- [DATA EXTRACT]

============

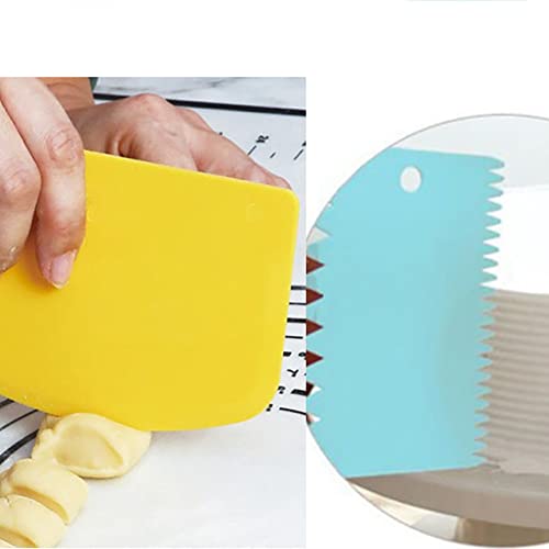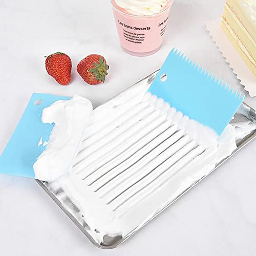 ccHuDE - أداة تقطيع العجين البلاستيكية ذات حواف منحنية مرنة للأوعية والكريمة، وملعقة سباتولا متعددة الأغراض لأطباق المطبخ والخبز من سي سي هود، 3 قطع، أزرق
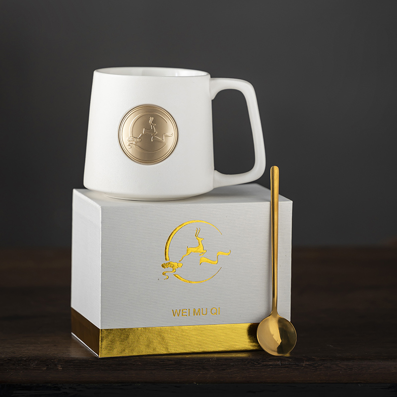 马克杯带盖勺陶瓷杯子女士新款 家用喝茶水杯男办公室咖啡杯高颜值
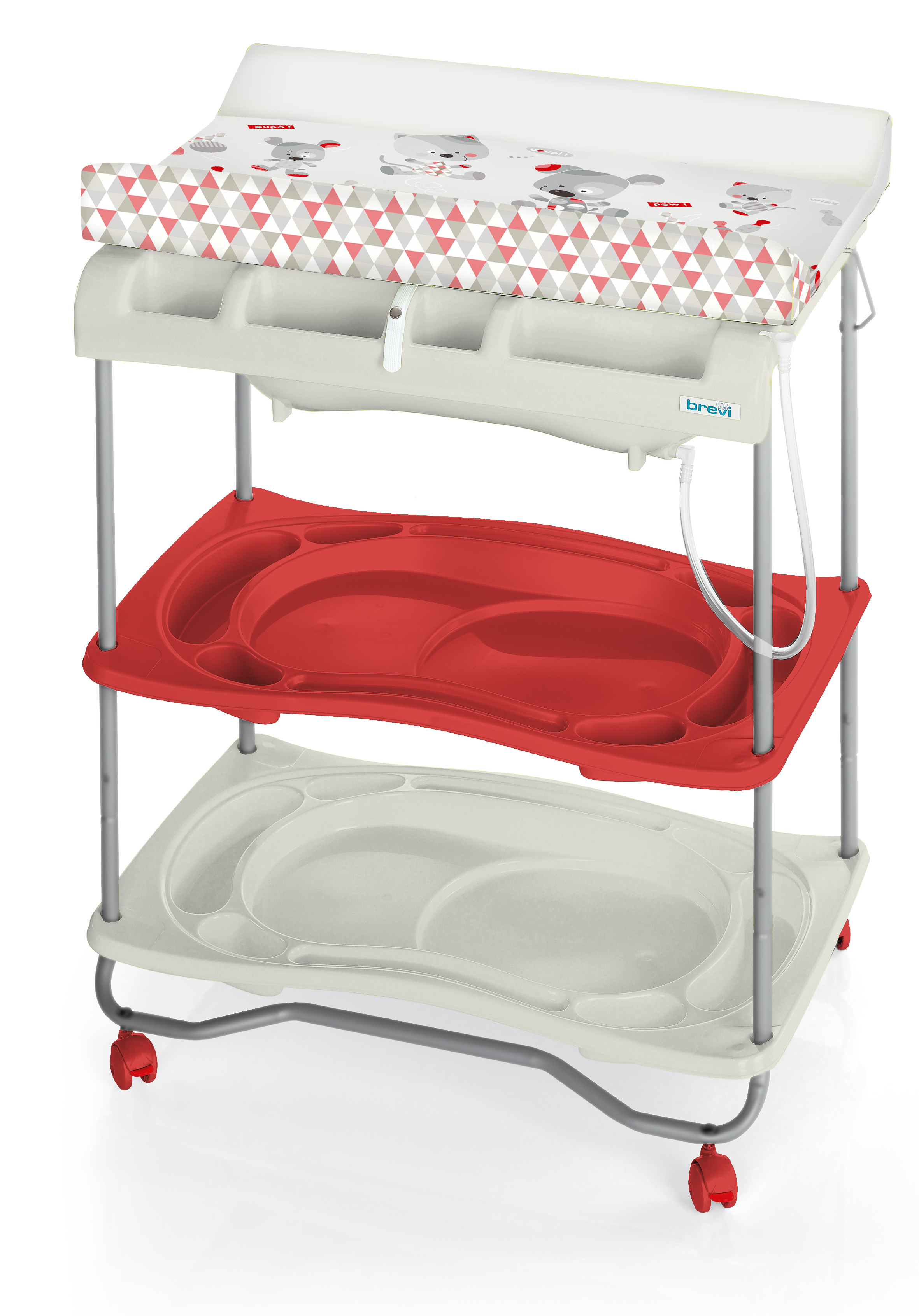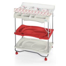 Table à langer avec baignoire intégrée. LE plan à langer bascule vers l'arrière pour laisser place à la baignoire. Deux étagères compartimentées pour ranger tout le nécessaire de la toilette de bébé. 4 compartiments principaux au niveau le plus haut. Quatre roulettes avec freins pour déplacer facilement la table.

============

- [EXERCISE]
An exact copy is needed of the lines running from the one with "马克杯带盖勺陶瓷杯子女士新款 家用喝茶水杯男办公室咖啡杯高颜值" through the end of the data above, and of those lines only, without pictures.

- [ANSWER TO THE PROBLEM]
 马克杯带盖勺陶瓷杯子女士新款 家用喝茶水杯男办公室咖啡杯高颜值
 Table à langer avec baignoire intégrée. LE plan à langer bascule vers l'arrière pour laisser place à la baignoire. Deux étagères compartimentées pour ranger tout le nécessaire de la toilette de bébé. 4 compartiments principaux au niveau le plus haut. Quatre roulettes avec freins pour déplacer facilement la table.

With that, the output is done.